Dans la période qui s’ouvre, les enjeux ne manqueront pas, à commencer par les enjeux globaux. La capacité de l’Union à peser dans un « monde d’États » gouverné par le rapport de force est le premier : l’Union devra défendre ses intérêts et ses valeurs résolument, tout en maitrisant sa propre sécurité en Ukraine et sur ses autres frontières. Elle devra aussi muscler sa propre compétitivité en prenant appui sur le rapport Draghi livré dans quelques semaines et continuellement ajourner ses politiques commerciales, industrielles et de concurrence.
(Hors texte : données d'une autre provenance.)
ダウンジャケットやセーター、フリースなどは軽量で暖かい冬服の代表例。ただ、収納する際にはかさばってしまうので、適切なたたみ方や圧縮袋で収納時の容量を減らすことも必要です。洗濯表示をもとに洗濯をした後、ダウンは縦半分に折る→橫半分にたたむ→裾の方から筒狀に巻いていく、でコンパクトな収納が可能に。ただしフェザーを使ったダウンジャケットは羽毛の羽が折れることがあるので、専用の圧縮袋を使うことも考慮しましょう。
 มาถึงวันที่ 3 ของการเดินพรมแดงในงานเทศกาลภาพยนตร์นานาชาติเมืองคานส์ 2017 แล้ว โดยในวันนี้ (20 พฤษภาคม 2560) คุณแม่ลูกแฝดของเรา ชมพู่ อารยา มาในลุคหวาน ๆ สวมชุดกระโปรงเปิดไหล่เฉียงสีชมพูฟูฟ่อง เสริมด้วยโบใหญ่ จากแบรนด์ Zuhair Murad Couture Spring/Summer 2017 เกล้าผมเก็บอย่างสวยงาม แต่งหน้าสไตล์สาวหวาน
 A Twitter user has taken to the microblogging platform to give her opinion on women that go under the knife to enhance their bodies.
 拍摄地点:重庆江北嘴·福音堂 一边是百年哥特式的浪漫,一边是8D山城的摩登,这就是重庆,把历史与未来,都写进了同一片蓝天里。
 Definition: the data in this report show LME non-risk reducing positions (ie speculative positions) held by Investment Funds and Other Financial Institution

La gestion pratique des vagues migratoires, imparfaitement encadrée par le Pacte Asile et Migrations, sera également mise à l’épreuve. Enfin, la contribution de l’UE à la lutte contre le changement climatique devra être ajustée, mais poursuivie.
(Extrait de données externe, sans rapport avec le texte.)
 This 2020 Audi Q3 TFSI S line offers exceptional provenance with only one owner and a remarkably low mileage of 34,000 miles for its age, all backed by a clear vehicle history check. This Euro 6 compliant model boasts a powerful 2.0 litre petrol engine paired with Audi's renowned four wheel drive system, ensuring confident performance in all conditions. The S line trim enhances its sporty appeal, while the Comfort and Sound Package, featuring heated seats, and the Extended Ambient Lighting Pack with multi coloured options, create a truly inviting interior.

Des enjeux internes pas moins importants
Au plan intérieur, les élections européennes seront aussi l’occasion d’influer sur des questions majeures. La capacité de l’Union à réaliser les investissements gigantesques attendus pour réaliser les transitions climatiques et numériques, ainsi que la montée en puissance en matière de défense, devra être renforcée au gré de la réalisation de l’Union des marchés de capitaux, qui mobilisera des sources de capitaux privés et permettra un transfert de risques. L’approfondissement du marché unique, prenant assise sur le rapport Letta, sera susceptible d’apporter de nouvelles sources de croissance mais devra être débattu dans ses modalités. La gestion de l’espace Schengen, enfin, devra sauvegarder la liberté de circulation tout en renforçant la sécurité intérieure et penser l’élargissement à venir.
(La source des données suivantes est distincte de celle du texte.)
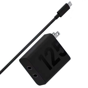 O carregador tem uma capacidade máxima de saída de 33W, comparável aos carregadores incluídos em outros dispositivos, e está equipado com uma saída USB-C que permite a inserção de duas portas. Confortável e sem complicações.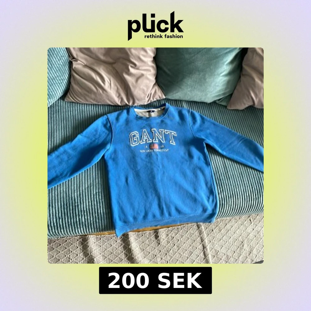 Säljer en blå sweatshirt från GANT med sydd logga och text på bröstet. Tröjan har rund halsringning och långa ärmar. Perfekt för en avslappnad stil och enkel att matcha med jeans eller joggers.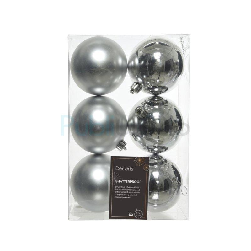 Palline di Natale 8 cm infrangibili argento - conf. 6 pz - 848879051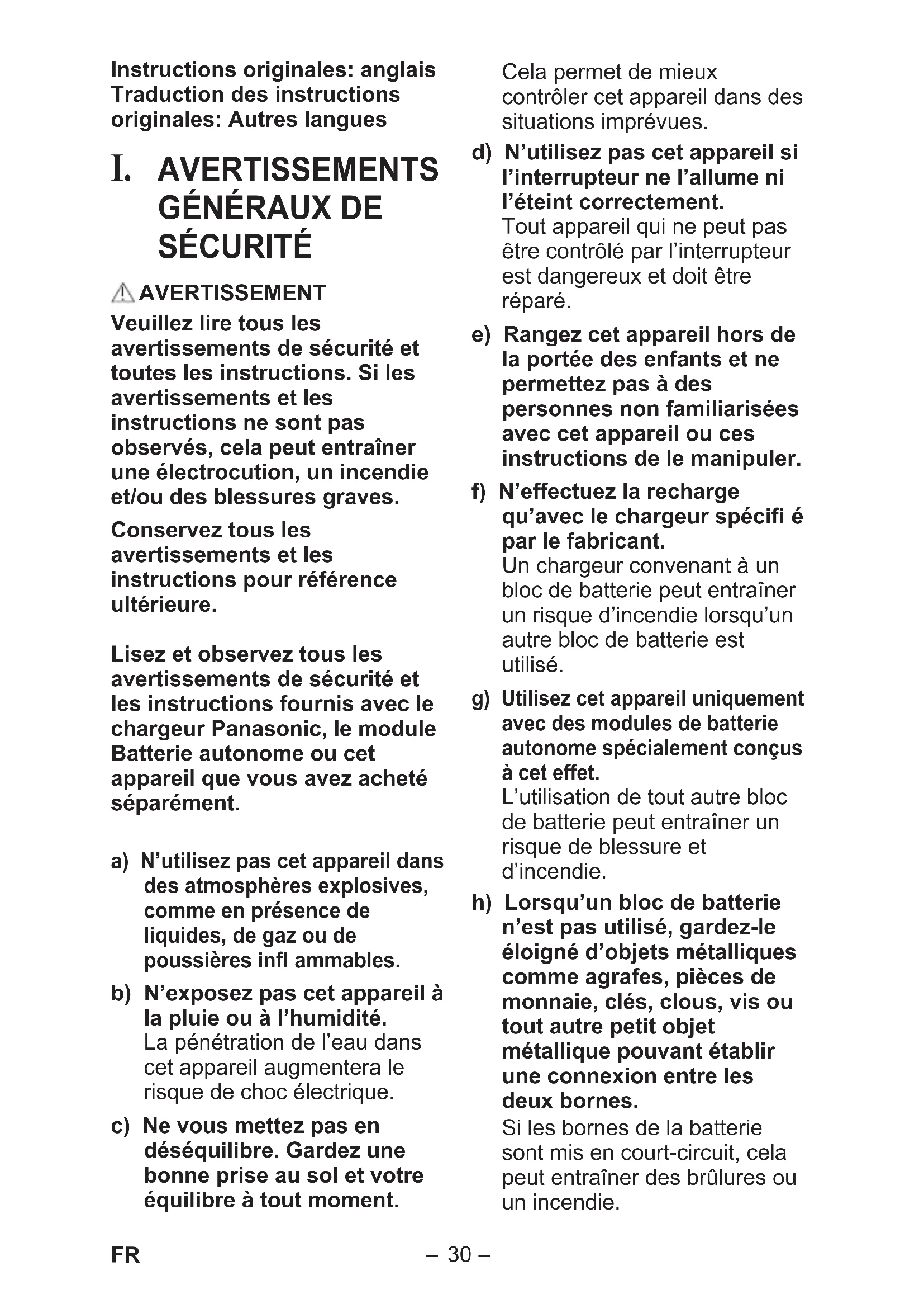 SÉCURITÉ AVERTISSEMENT Veuillez lire tous les avertissements de sécurité et toutes les instructions. Si les avertissements et les instructions ne sont pas observés, cela peut entraîner une électrocution, un incendie et/ou des blessures graves. Conservez tous les avertissements et les instructions pour référence ultérieure. Lisez et observez tous les avertissements de sécurité et les instructions fournis avec le chargeur Panasonic, le module Batterie autonome ou cet appareil que vous avez acheté séparément. a) N’utilisez pas cet appareil dans des atmosphères explosives, comme en présence de liquides, de gaz ou de poussières infl ammables. b) N’exposez pas cet appareil à la pluie ou à l’humidité. La pénétration de l’eau dans cet appareil augmentera le risque de choc électrique. c) Ne vous mettez pas en déséquilibre. Gardez une bonne prise au sol et votre équilibre à tout moment. Cela permet de mieux contrôler cet appareil dans des situations imprévues. d) N’utilisez pas cet appareil si l’interrupteur ne l’allume ni l’éteint correctement. Tout appareil qui ne peut pas être contrôlé par l’interrupteur est dangereux et doit être réparé. e) Rangez cet appareil hors de la portée des enfants et ne permettez pas à des personnes non familiarisées avec cet appareil ou ces instructions de le manipuler. f) N’effectuez la recharge qu’avec le chargeur spécifi é par le fabricant. Un chargeur convenant à un bloc de batterie peut entraîner un risque d’incendie lorsqu’un autre bloc de batterie est utilisé. g) Utilisez cet appareil uniquement avec des modules de batterie autonome spécialement conçus à cet effet. L’utilisation de tout autre bloc de batterie peut entraîner un risque de blessure et d’incendie. h) Lorsqu’un bloc de batterie n’est pas utilisé, gardez-le éloigné d’objets métalliques comme agrafes, pièces de monnaie, clés, clous, vis ou tout autre petit objet métallique pouvant établir une connexion entre les deux bornes. Si les bornes de la batterie sont mis en court-circuit, cela peut entraîner des brûlures ou un incendie. EY971037C401.indb30EY971037C401.indb30 2019/08/2320:52:342019/08/2320:52:34-

La dynamique d’élargissement forme justement un sujet majeur : à l’heure actuelle, l’Union s’est engagée auprès de l’Ukraine, de la Moldavie, et de la Géorgie, en plus de l’ensemble des États des Balkans et, encore…de la Turquie. Les partis ont-ils bien réfléchi aux limites de l’Union « XXL » et à ses conséquences financières et institutionnelles ? Ces dernières devront être rapidement préparées au plan pratique, en prenant appui, si possible, sur une Convention représentant les États, le Parlement européen, et les Parlements nationaux. Enfin, le renforcement de la cohésion économique et sociale de la grande Europe devra être préparé dans le renouvellement de la politique éponyme, qui elle aussi devra prendre appui sur de nouveaux moyens financiers et des dispositifs de partage de risques.